A new learning method called Influence Learning is among a variety of innovations described in an upcoming book about neural networks. The book is titled: "Netlab Loligo: New Approaches To Neural Network Simulation". The book rejects the idea of simply adding more layers of computational complexity to cover over shortcomings of existing solutions. It distinguishes itself from past books on artificial intelligence (a.i.) by presenting a set of unique "new ideas" for the design and construction of neural networks. This underlying philosophy has lead to some advantageous new tools.
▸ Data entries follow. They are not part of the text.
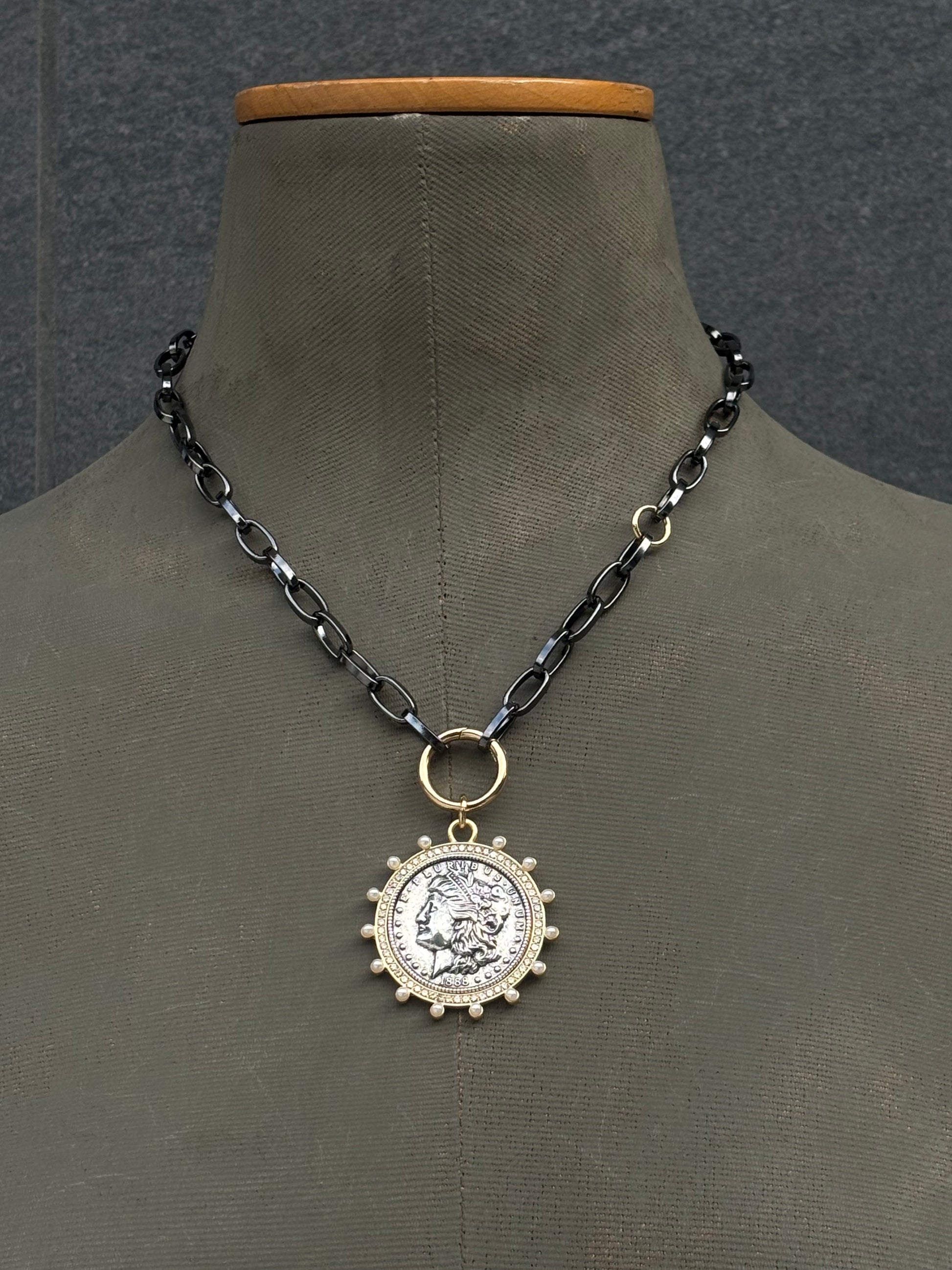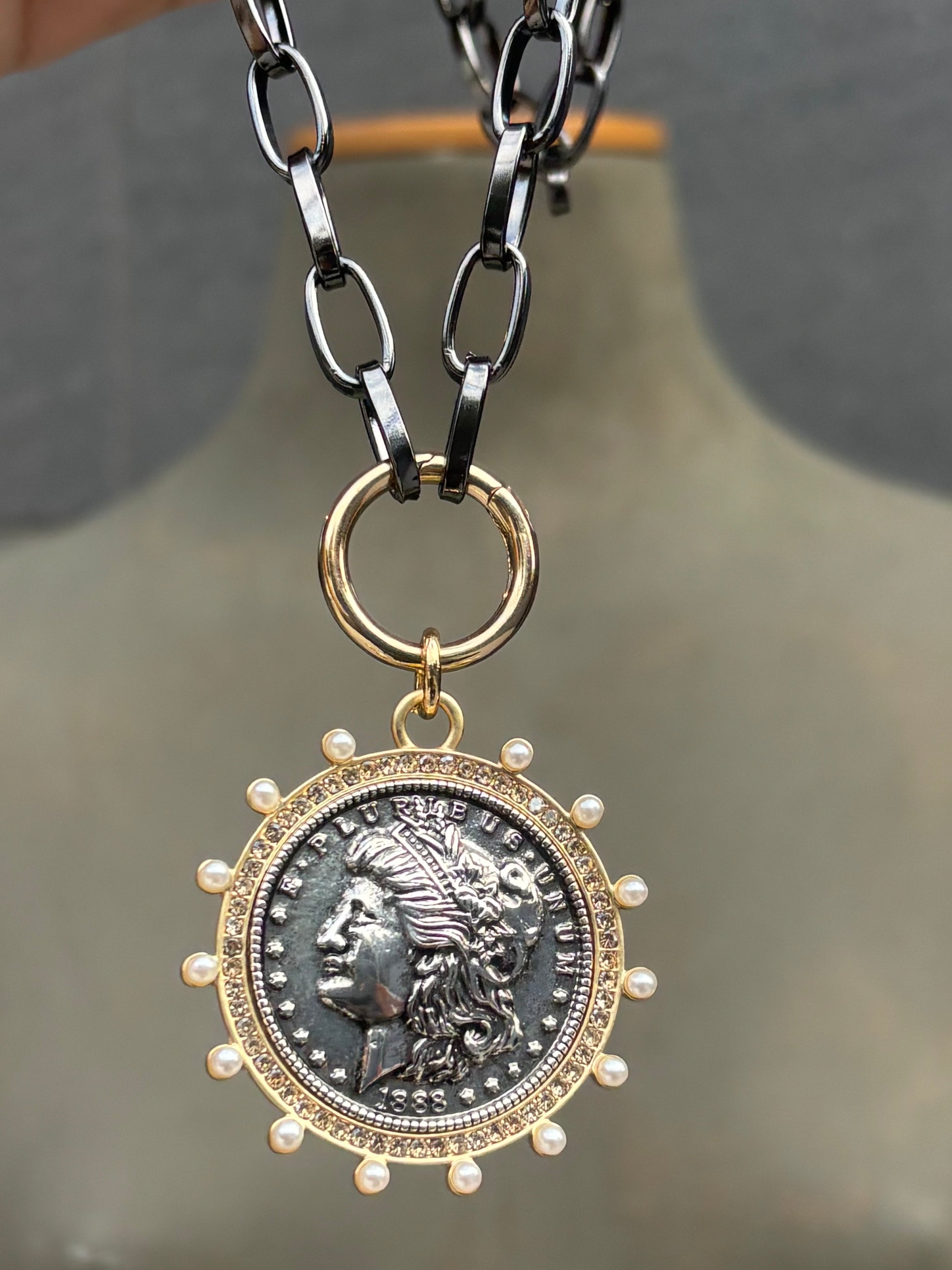 Collar con mosquetón y medallón intercambiable, que puedes llevar solo o personalizar con tu propia cruz o charm.
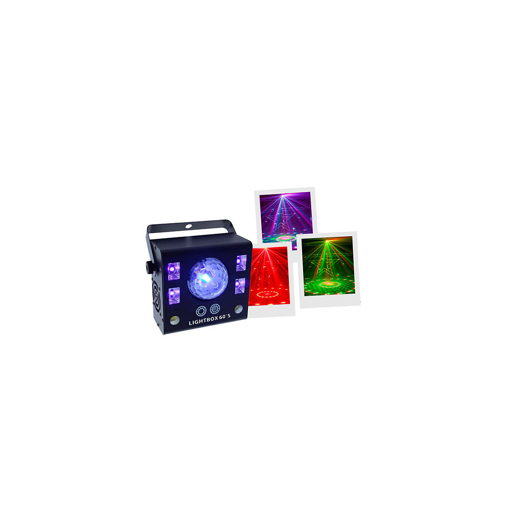 Le LIGHTBOX 60’S est un jeu de lumière multi-effets proposant quatre éclairages différents. Il est composé d’un Sphéro Magic Ball rotatif à 340° d’une puissance de 15W RGBW 4in1 (OSRAM LED), d’une lumière noire à Led d’une puissance de 12W totale, d’un stroboscope de 20W et d’un effet laser multipoints de 80Mw en vert et rouge. Lyre de suspension intégrée pour une installation simple rapide. Idéal bars, clubs, soirée, birthday party et autres lieux de loisirs.
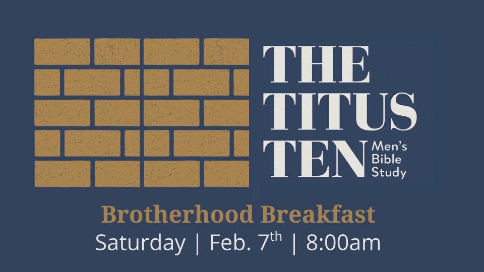 Brothers, join us on Saturday morning @ 8am for a good time of fellowship and food. We will continue working through the book the Titus Ten." Register today!
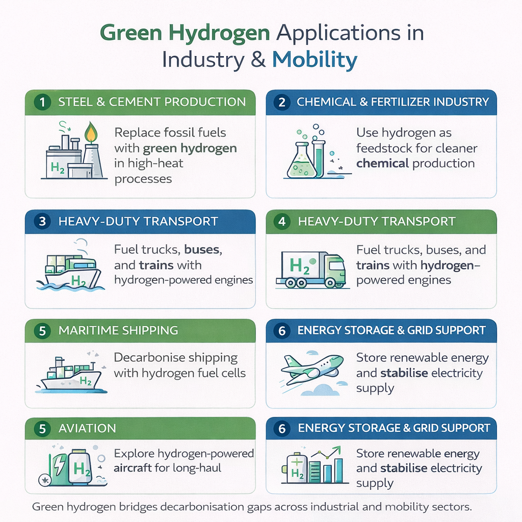 In steelmaking, Sweden's HYBRIT is replacing coal and dramatically reducing emissions with hydrogen. In the chemical sector, the green ammonia production project at NEOM illustrates how other large industries are shifting to renewable hydrogen and its derivatives.
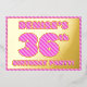 La façade de cette amusante et audacieuse carte d'invitation/faire-part de fête de trente-sixième anniversaire comporte un nom personnalisé, un grand numéro "36e", le message "FÊTE D'ANNIVERSAIRE !", et une bordure, toutes avec un motif rayé rose clair et rose foncé féminin. Le verso présente des détails personnalisés sur l'événement, tels que la date, l'heure, le lieu/lieu et toute autre information importante. Des invitations modifiables comme celles-ci pourraient être utilisées pour les invités ou les participants invitations à une réunion d’anniversaire qui se tient pour célébrer le 36e anniversaire de quelqu’un. [~Z0000597]

Influence learning, for example, is one of two new learning methods introduced in the book. It is based on the simple notion that our own attraction to people who exercise influence (and sometimes our repulsion by it) might have its origins within the inter-cellular communications mechanisms employed by our brains' neurons. Good or bad, there is a clear human tendency to trust influential people and use them as role-models for adapting our own behavior. Influence Learning extrapolates this observation about human behavior back, in order to explain some of the observed behaviors of individual neurons. This notion is then employed as a model for how neurons are able to independently adapt their connection-maps within deep structures of the brain.
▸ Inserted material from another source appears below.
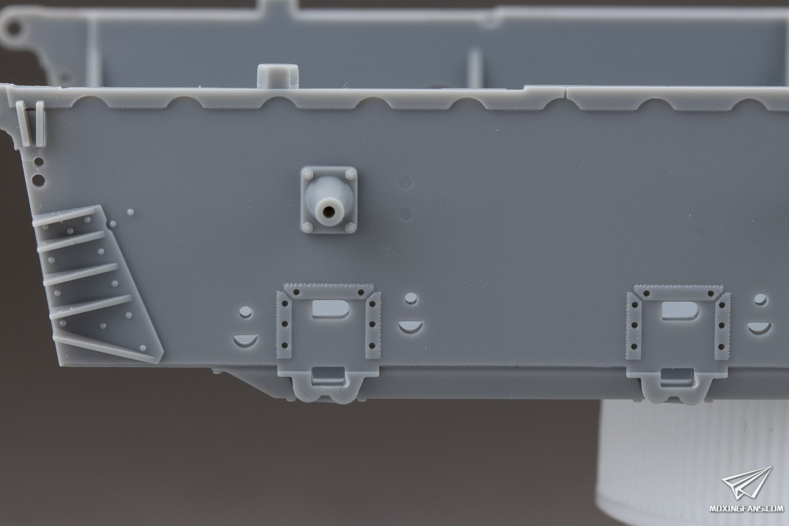 ▼ 上车体及主要零件的细节,基本延续了下车体的细节水平,焊线及螺栓的细节较为丰富,侧裙为塑料材质一体式开出。
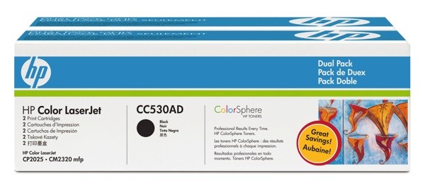 Ккомплект картриджей HP CC530AD с чернилами черного цвета предназначен для лазерных устройств HP. Картриджи обеспечивают печать высокого качества, произведены с использованием последних технологий специально для профессиональной печати. Рабочий ресурс картриджа составляет 3500 страниц. Данная модель картриджа подходит для HP Color LaserJet CM2320; CP2025.

There are many benefits of this influence based approach to learning, one of which is simplicity. The method is not merely a new layer of computational complexity, which has been added to correct for deficiencies in an existing formula. Instead, it provides a self-evident mechanism with easily perceived reasons for how and why it works.
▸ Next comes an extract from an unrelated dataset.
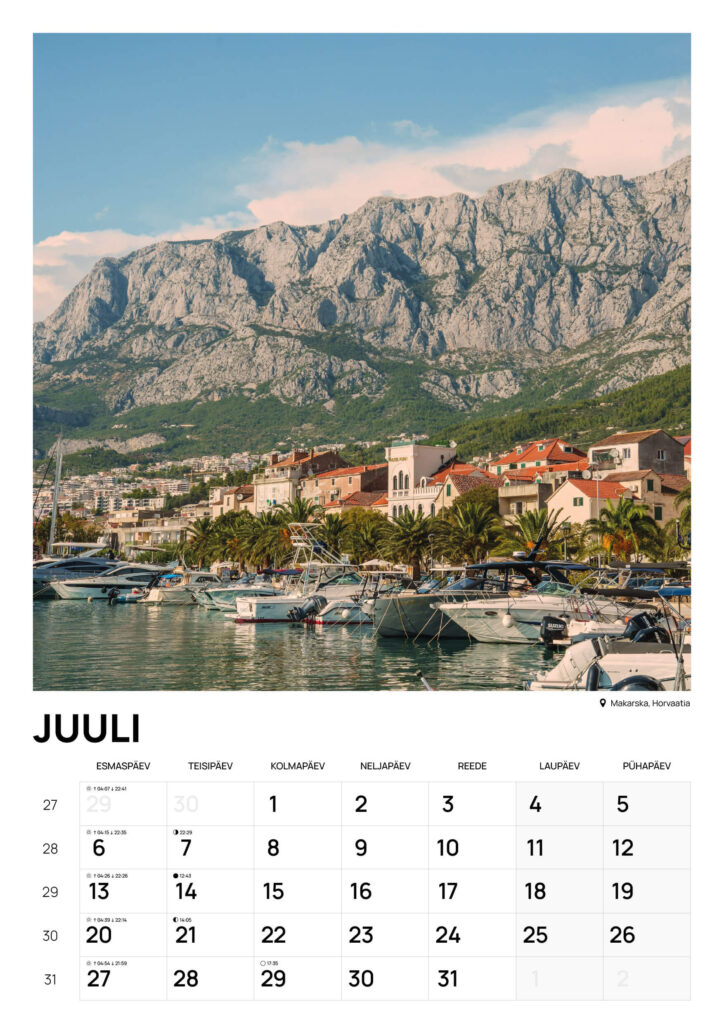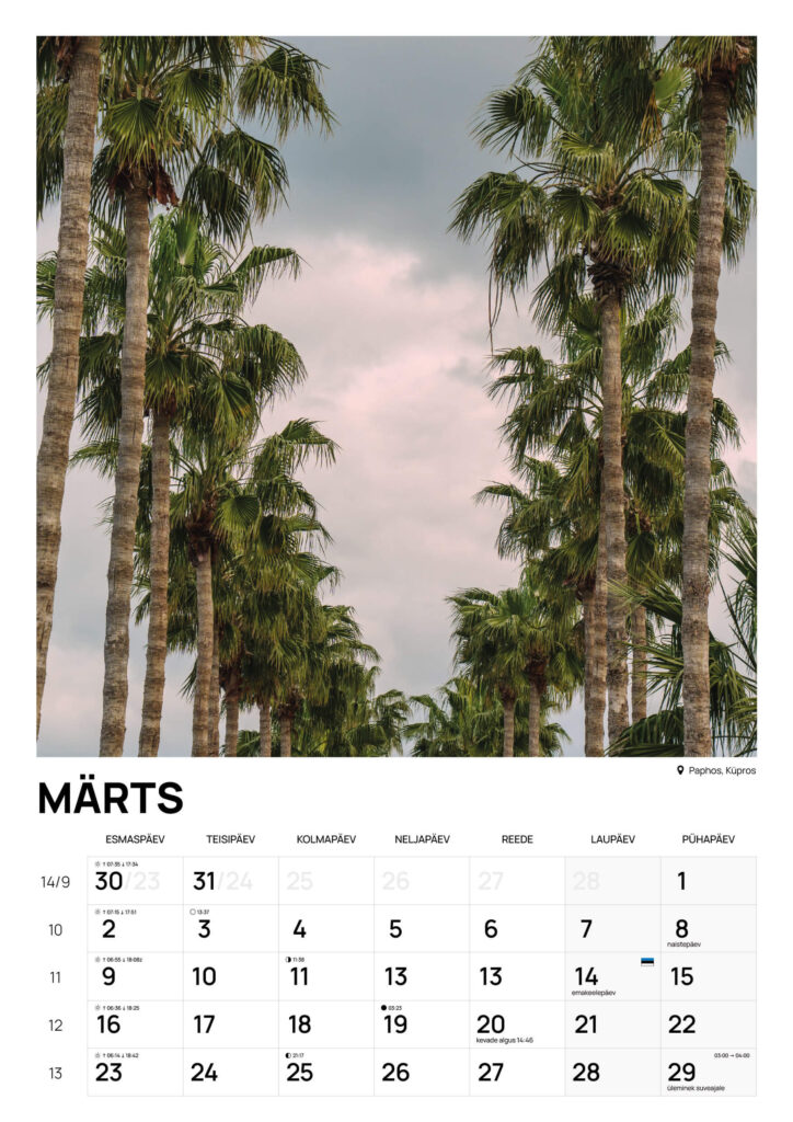 Kalender on kujundatud nii, et see oleks korraga praktiline ja visuaalselt nauditav.

Its intrinsic simplicity leads to many other advantages as well. The bane of many existing neural network learning models has been the severe restrictions they place on how feedback may be specified within neural network designs. Such restrictions are completely eliminated in designs that use influence learning. Also, influence learning has no dependence on network-global calculations, and so may be used for neural networks that are spread over many, asynchronously running processors.

There are many other benefits afforded by this simply but powerful new concept of neural learning based on attraction and aversion to influence exercised by other neurons. More details about Influence Learning can be found in the description posted at the author's blog for the book.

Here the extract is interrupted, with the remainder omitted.